▸ WORK TO COMPLETE
Only the number is wanted: how many lines in the data contain "their"?

▸ DATASET RECORDS

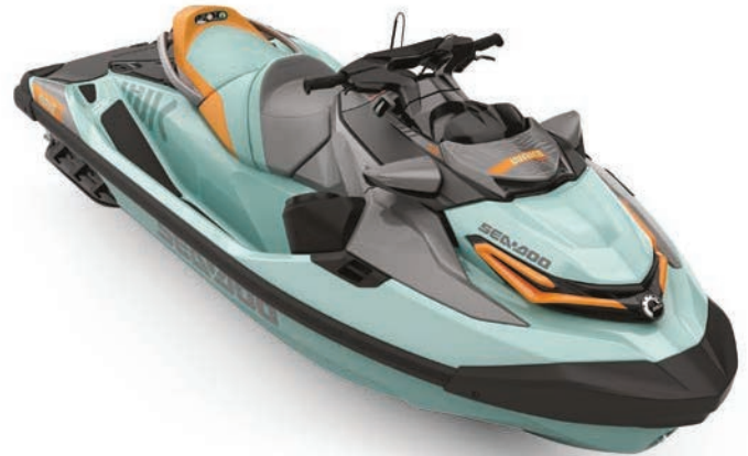
● Neo Mint
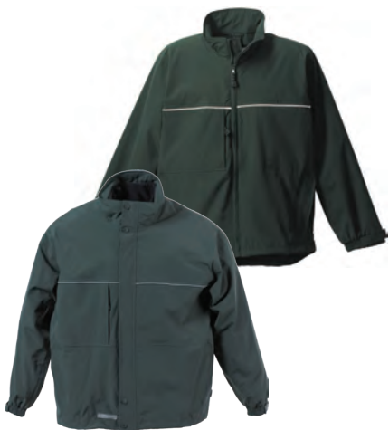
19299/99299 LAURENTIAN 3-IN-1 JACKET
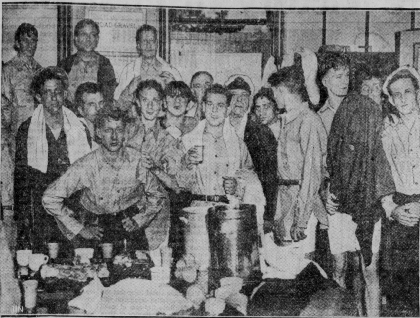
Here you see some of the half-clad survivors of the tragedy that befell the liner Morro Castle which caught fire off the coast of New Jersey. These passengers and members of the crew were brought to shore and safety at Spring Lake, N. J., in lifeboats.
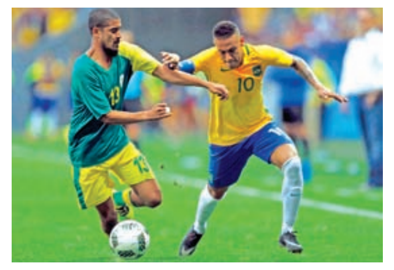
Abbubaker Mobara of South Africa and Neymar of Brazil fight for the ball during their 2016 Rio Olympics Men's First Round at Mane Garrincha Stadium, Brasilia, Brazil, on 4 August 2016.

That result was not the only surprise as their great rivals Argentina lost 2-0 to Portugal. It was the South Americans' first Olympics reverse in 13 games. Argentina were unbeaten in winning gold during their last two appearances in 2004 and 2008.

▸ ANSWER BOX
2